-scenes to be used
In the actual collection scenario, the file fields that are actively collected or passively pushed may contain json strings. Most of these are crawler data or log data. Hive provides a type of json parsing function to preprocess and clean such data. This article introduces the get_json_object function
-data preparation
At this time, there is a DWD table in DW, which contains the fields of the json object (this table actually still belongs to the fact table of a type of business process, but the field contains the json object, so it is stored in the DWD layer, not in the ODS Do processing), here only the json field
is a json description of the house information
-Instructions
get_json_object(column,"$.param")
The parameter column is the field to be parsed. In this example, the
second parameter param of result_contxt needs to be divided. If the field content is a json array, use [n] .key, which means the key value of the number of json objects.

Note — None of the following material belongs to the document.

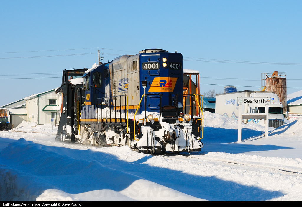 | After plowing the line mostly under the cover of darkness, RLK 4001 leads ex CN plow 55413 through downtown Seaforth, kicking up a bit of snow. |
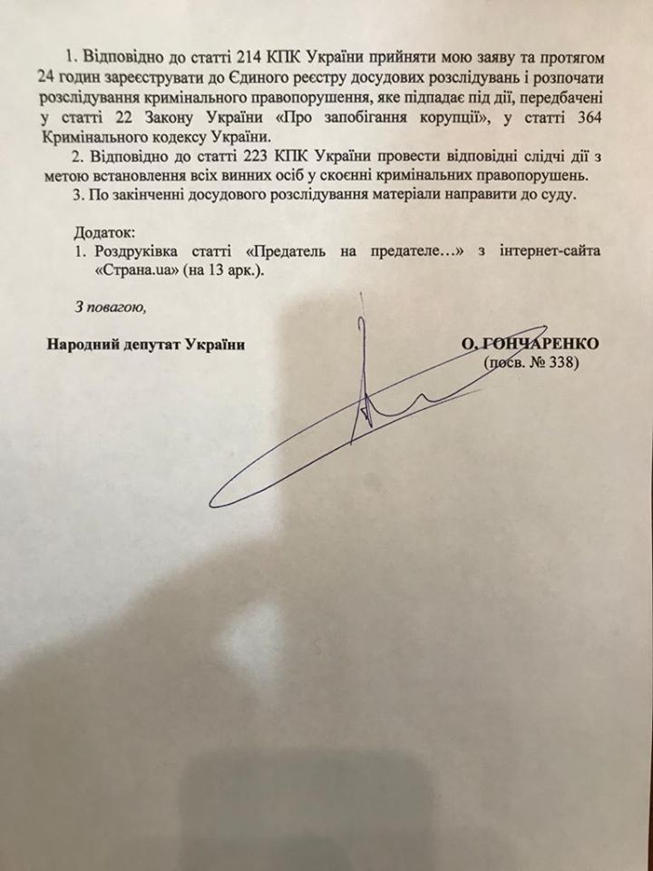 Также Гончаренко уточнил, что надеется на то, что "дело доведут до конца".

A single json object is directly
. The key is a single json object in the above data, so use the second method to parse
.
select
get_json_object(result_contxt, "$.house_type2") as house_type2
from
库名.表名
where
p_day = '20191127'
The query result is:
all elements are parsed:
select
get_json_object(result_contxt,'$.house_type2')as house_type2,
get_json_object(result_contxt,'$.house_type1')as house_type1,
get_json_object(result_contxt,'$.build_type')as build_type,
get_json_object(result_contxt,'$.house_belong')as house_belong,
get_json_object(result_contxt,'$.house_direction')as house_direction,
get_json_object(result_contxt,'$.years_right')as years_right,
get_json_object(result_contxt,'$.title')as title,
get_json_object(result_contxt,'$.last_tran')as last_tran,
get_json_object(result_contxt,'$.unit_price')as unit_price,
get_json_object(result_contxt,'$.belong_area2')as belong_area2,
get_json_object(result_contxt,'$.build_year')as build_year,
get_json_object(result_contxt,'$.tran_time')as tran_time,
get_json_object(result_contxt,'$.lift')as lift,
get_json_object(result_contxt,'$.square_measure2')as square_measure2,
get_json_object(result_contxt,'$.square_measure1')as square_measure1,
get_json_object(result_contxt,'$.poi_id')as poi_id,
get_json_object(result_contxt,'$.total_price')as total_price,
get_json_object(result_contxt,'$.url')as url,
get_json_object(result_contxt,'$.floor')as floor,
get_json_object(result_contxt,'$.decorate')as decorate,
get_json_object(result_contxt,'$.village_name')as village_name,
get_json_object(result_contxt,'$.time')as time,
get_json_object(result_contxt,'$.area_county')as area_county
from
库名.表名
where p_day = '20191127'
Query results:
Other problems are introduced: If the field is a json array, how to parse the entire json object?
If you are unclear, please see another introduction to the use of the explode function.